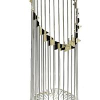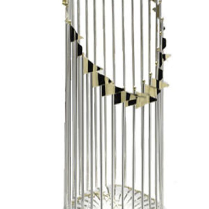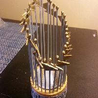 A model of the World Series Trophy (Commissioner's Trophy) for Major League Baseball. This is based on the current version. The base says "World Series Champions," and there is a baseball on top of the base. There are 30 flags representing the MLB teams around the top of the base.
· · · · · · ·
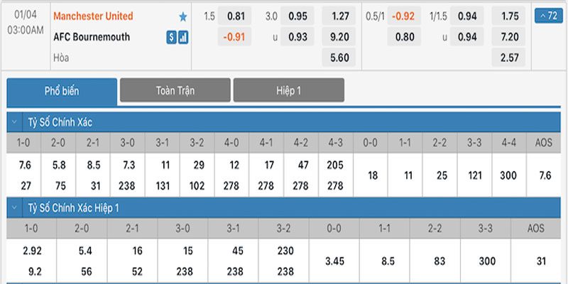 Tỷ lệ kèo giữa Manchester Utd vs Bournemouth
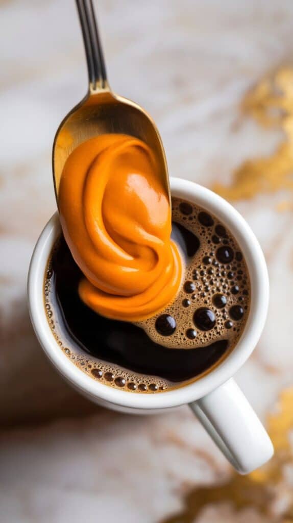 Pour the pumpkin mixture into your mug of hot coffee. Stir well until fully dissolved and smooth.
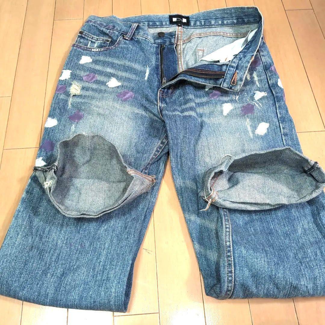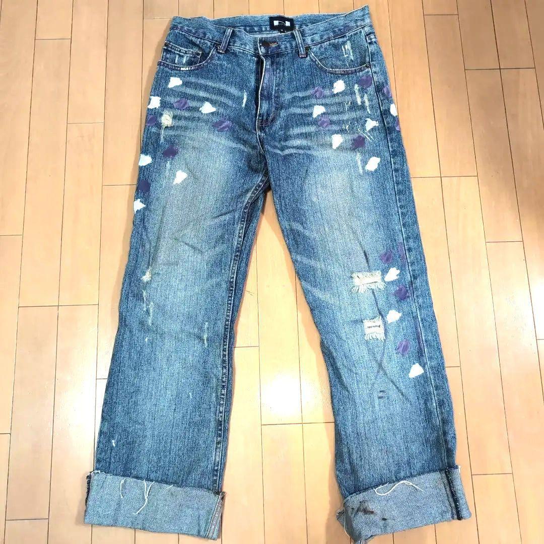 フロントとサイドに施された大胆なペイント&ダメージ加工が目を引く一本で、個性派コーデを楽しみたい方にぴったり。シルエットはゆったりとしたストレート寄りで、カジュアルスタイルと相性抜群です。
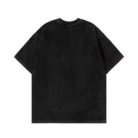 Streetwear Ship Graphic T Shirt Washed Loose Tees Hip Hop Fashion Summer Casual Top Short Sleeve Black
· · · · · · ·
Exercise description:
In the records above, find the line with "Tỷ lệ kèo giữa Manchester Utd vs Bournemouth" and the line with "Streetwear Ship Graphic", then restate word for word only those two lines and all lines between, omitting pictures.

Answer to the exercise:
 Tỷ lệ kèo giữa Manchester Utd vs Bournemouth
 Pour the pumpkin mixture into your mug of hot coffee. Stir well until fully dissolved and smooth.
 フロントとサイドに施された大胆なペイント&ダメージ加工が目を引く一本で、個性派コーデを楽しみたい方にぴったり。シルエットはゆったりとしたストレート寄りで、カジュアルスタイルと相性抜群です。
 Streetwear Ship Graphic T Shirt Washed Loose Tees Hip Hop Fashion Summer Casual Top Short Sleeve Black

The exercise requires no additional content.